Lydia glanced nervously at Sam, but he rose and went to the stove to stir the porridge, seemingly unaffected by Matt's reaction.
Matt rested a foot on his chair and turned to face her, a half smile on his face. "The way I see it is we need a housekeeper. And you need a place to stay."
Lydia stared at Sam's back and again at Matt's crooked smile. She certainly needed a place to stay, but Matt's words were only partly correct. It sometimes mattered a great deal what people thought. And she didn't need a third opinion to know it was wrong to live here alone with two men.
Matt nodded, taking her silence for consent, but from someplace deep inside her, Lydia discovered an inner strength that surprised her. She pulled herself straight in the chair and pushed her back against the hard rungs. "I'm sorry," she whispered. "I understand your predicament and I'd like to help out." Her voice grew stronger with each word. "But I cannot stay here under these circumstances"—She threw her hands in the air—"without some sort of chaperon."
Sam turned and stared at her.
Matt dropped his foot to the floor with a resounding thud that jarred up Lydia's spine, but she did not shrink back or lower her gaze. These men must understand that she would not allow herself to be put in such a situation.

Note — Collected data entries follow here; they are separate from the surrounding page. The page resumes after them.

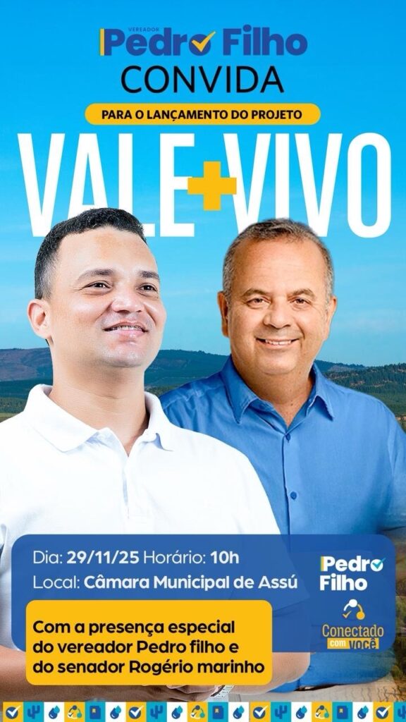 O Vale do Açu, no Rio Grande do Norte, pode se transformar em um modelo de desenvolvimento sustentável com a implementação do projeto Vale+Vivo. Iniciativa do mandato do vereador de Assu, Pedro Filho (PL), em parceria com o Instituto de Desenvolvimento Habitacional Canaã (IDEHAC), o projeto busca integrar agricultura sustentável, turismo e desenvolvimento social, formando uma base sólida para o crescimento regional equilibrado. A proposta será apresentada no próximo sábado (28), em evento que contará com a presença do senador e presidente estadual do PL, Rogério Marinho.
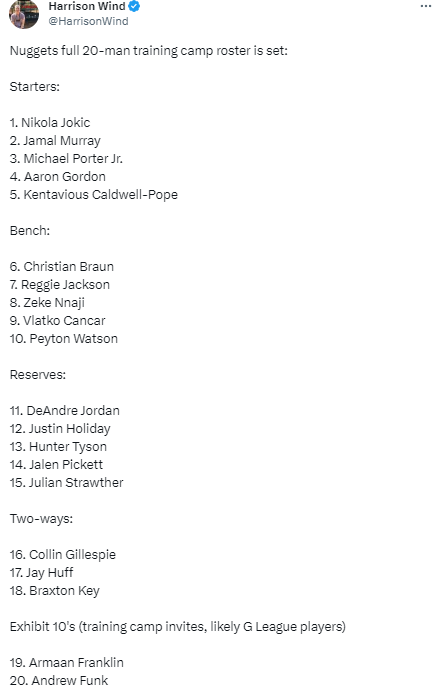 掘金官宣连签3人:20人大名单正式满额 约基奇领衔冲击两连冠
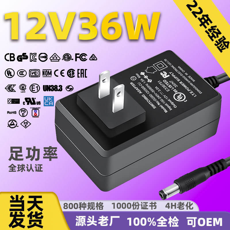 เลือกเลยสี: 12V 3A สีดำ มาตรฐาน US UL มีสินค้าพร้อมส่ง
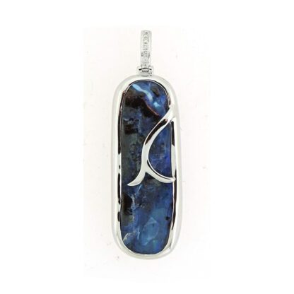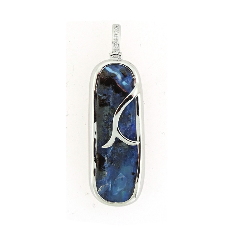 Free Form Pendant with an Australian Boulder Opal 26.87 Carats & Diamonds .04TW Set in 14KT White Gold

Sam turned and filled bowls with steaming porridge and carried them to the table along with a pitcher of milk. Lydia's mouth watered when she saw the thick layer of yellowish cream floating on top of the milk. It was breakfast-time yesterday that she had last eaten, and suddenly nothing seemed as important as food. She pulled a bowl close.
"Help yourself." Sam pushed the cream and brown sugar close. Matt spun his chair around and sat down.
Lydia paused, glancing from one man to the other. From that same unprobed strength, she smiled, and keeping her voice soft, said, "Perhaps someone should give thanks first."
Matt's eyes narrowed. Sam practically jolted in his seat. Silence hung over the table. Finally, Sam cleared his throat and mumbled, "Go ahead."
She nodded and bowed her head, murmuring a short, simple prayer. "Amen." She reached for the pitcher and poured a generous amount of cream into her bowl. There was sweet comfort in the warm, rich food, and for a moment Lydia forgot her predicament.
Sam pushed aside his empty bowl and stared into his coffee cup. Suddenly, he slapped the table with his open palm, almost causing Lydia to jump from her chair. "I got it!" he shouted. "Granny Arness!"
Matt glowered at him. "What about Granny Arness?"
"I was talking to Eldon Reimer in town awhile back, and he said something about not needing her anymore but there didn't seem to be anyplace for her." He shrugged. "Don't rightly remember all he said. I wasn't paying much attention."
Matt sat back, his face thoughtful. "It just might work."
Lydia leaned forward. "Who is Granny Arness?"